Вот поэтому критик озвучивает некое мнение, стремясь, чтобы это мнение стало обязательным. Через критика проявляется социальный инстинкт человеков применительно, в нашем случае к литературе – применительно к тому, что должны быть некие единые критерии в литературе. Они не для чего-то должны быть, не для чего-то, – они потому должны быть, что мы, человеки, образуя социум, должны придерживаться единых взглядов: на королевскую власть или на демократию, или на то, что Земля окружена хрустальной твердью, или о том, что во Вселенной множество обитаемых миров. Мы должны иметь единые взгляды!
И тогда мы, как стрелочки маленьких многих-многих компасов, ориентированы в едином направлении – и тогда мы можем быть социумом и совершать совокупно какие-то действия. Вот критик – это системообразующий элемент на уровне взглядов на литературу. Вот я думаю, можно понять, в чем смысл этого утверждения.

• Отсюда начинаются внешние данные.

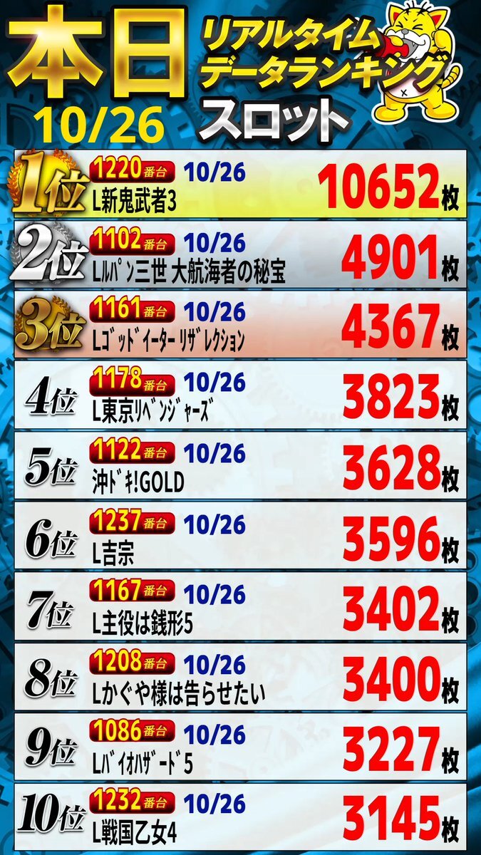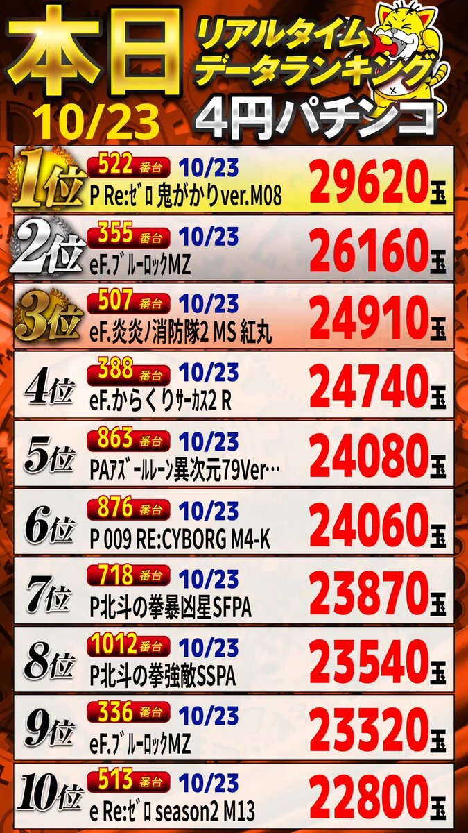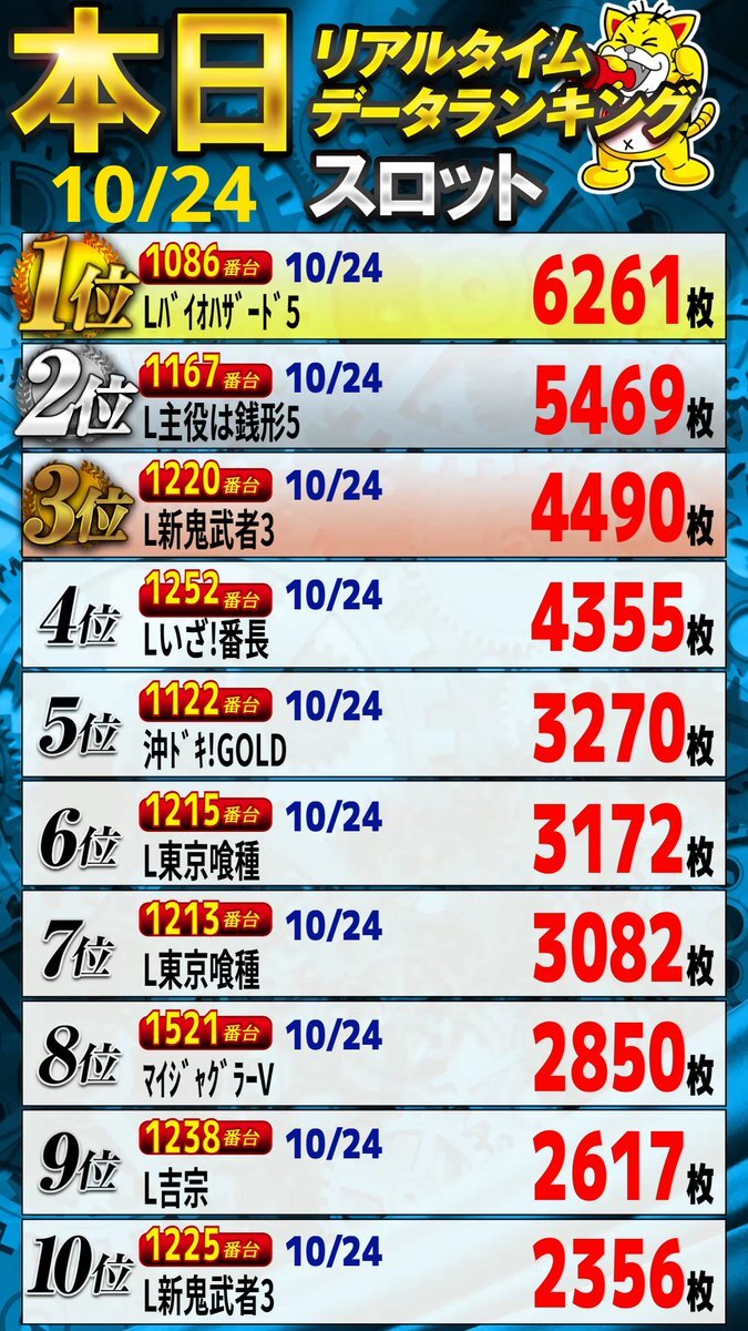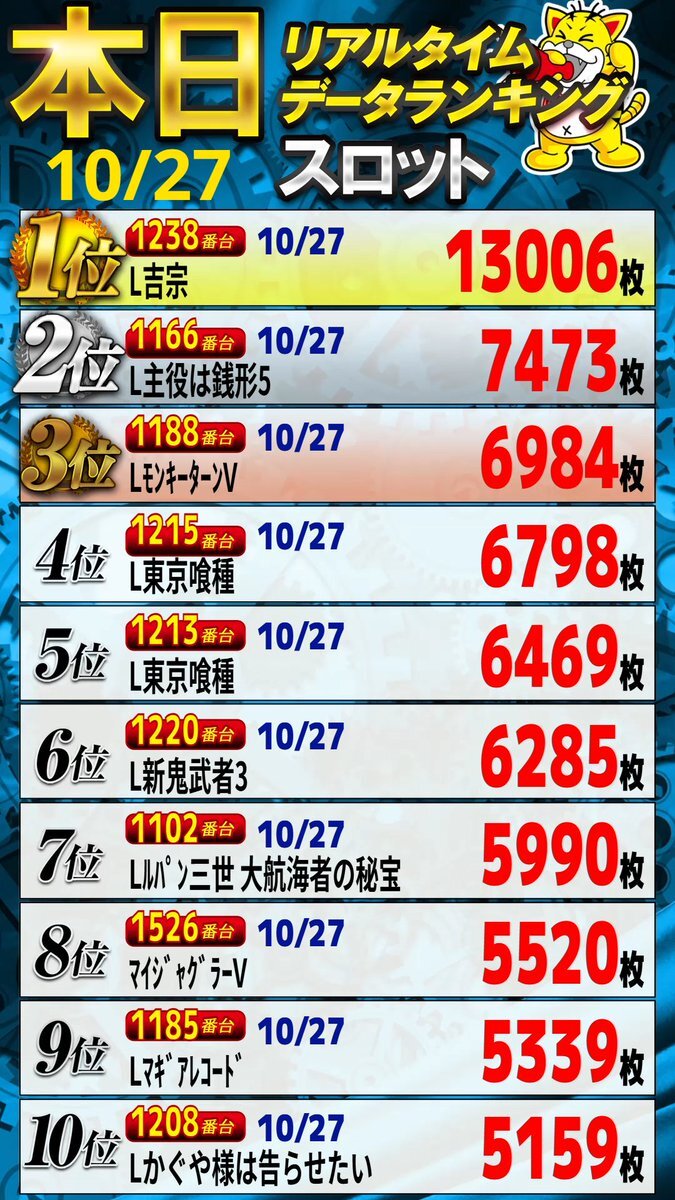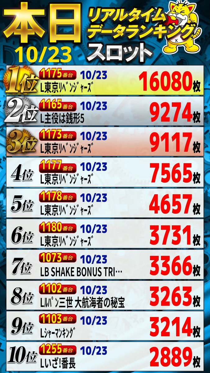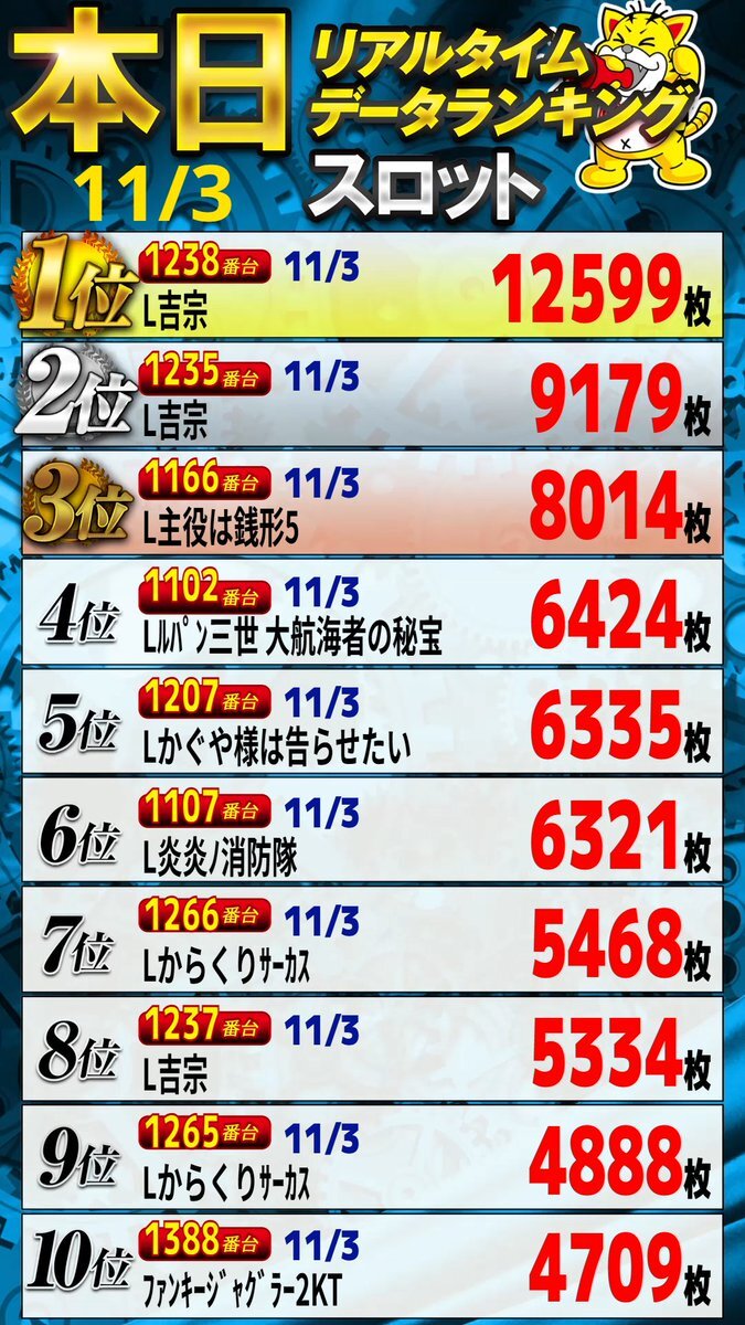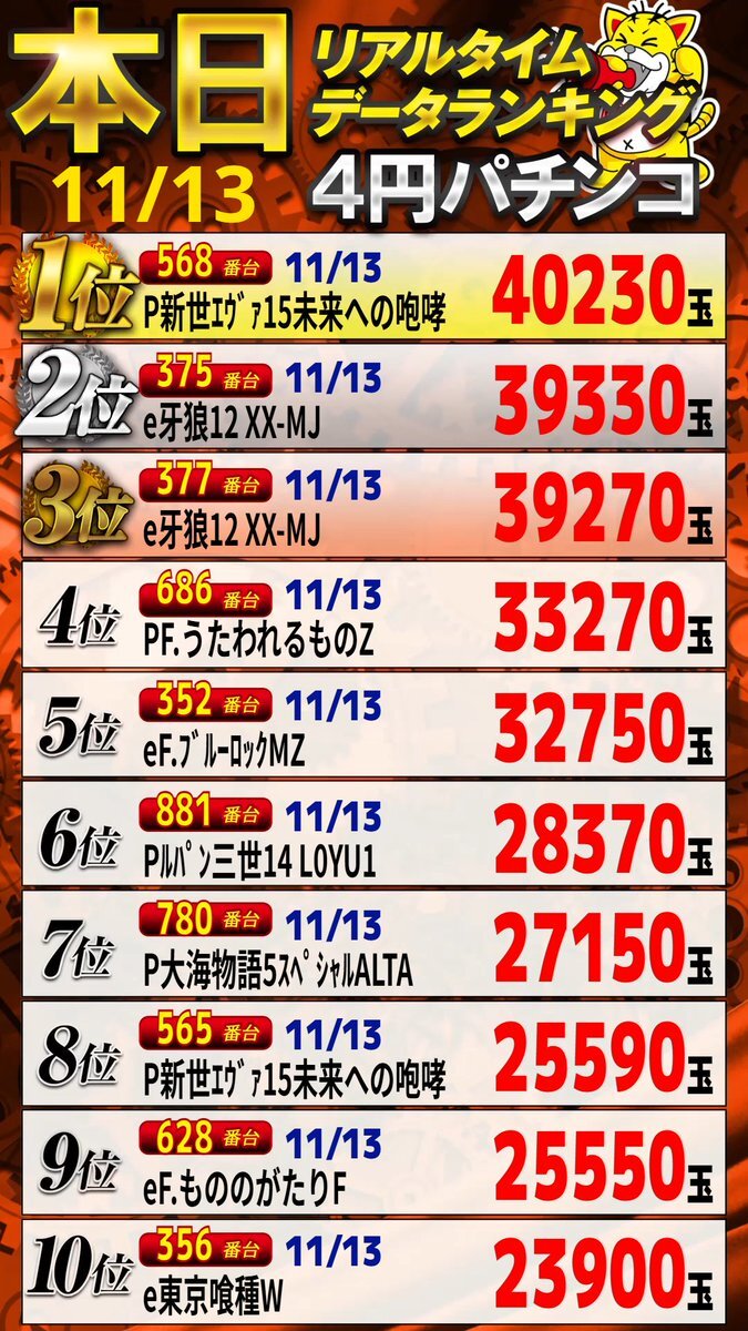 スロットはなんと4機種が ㊗㊗ランクイン🎉🎉 明日も朝から待ってるぜっ✌ #フェイス宮田 pic.x.com/l2y9UluoKy

Критик говорит: всем думать так, как я сказал. Это все равно, что всем идти в ногу, и только если вы будете идти в ногу, вы будете войском, а не стадом баранов. А только войско может пройти дальше, победить больше, и прочее, и прочее. Кроме того, войско более сложно структурировано, войско – оно более энергетично, войско – оно менее энтропийно, войско – это более сложная форма организации материи, чем толпа. Точно так же читатели, имеющие совершенно определенную одинаковую точку зрения по ряду главных вопросов в литературе – это более структурированная и энергетичная группа, нежели если все будут думать свое разное. Вот поэтому существует критика.
Смысл и цель искусства и литературы
Лекция, прочитанная в университете Иерусалима, Израиль, в 1996 г.
Дорогие друзья. Сейчас мы будем говорить о вопросе, наверное, наиболее сложном из всего курса, из всего нашего цикла. И об одном из тех вопросов, которые считаются вечными. Вечными – это потому, что вопрос задавали вечно, а ответа на него удовлетворительного не давали ни разу. Ну, я полагаю, что если и 10 заповедей были высечены на скрижалях, и Библия была написана, то можно, в общем, дать ответ и на этот вопрос тоже.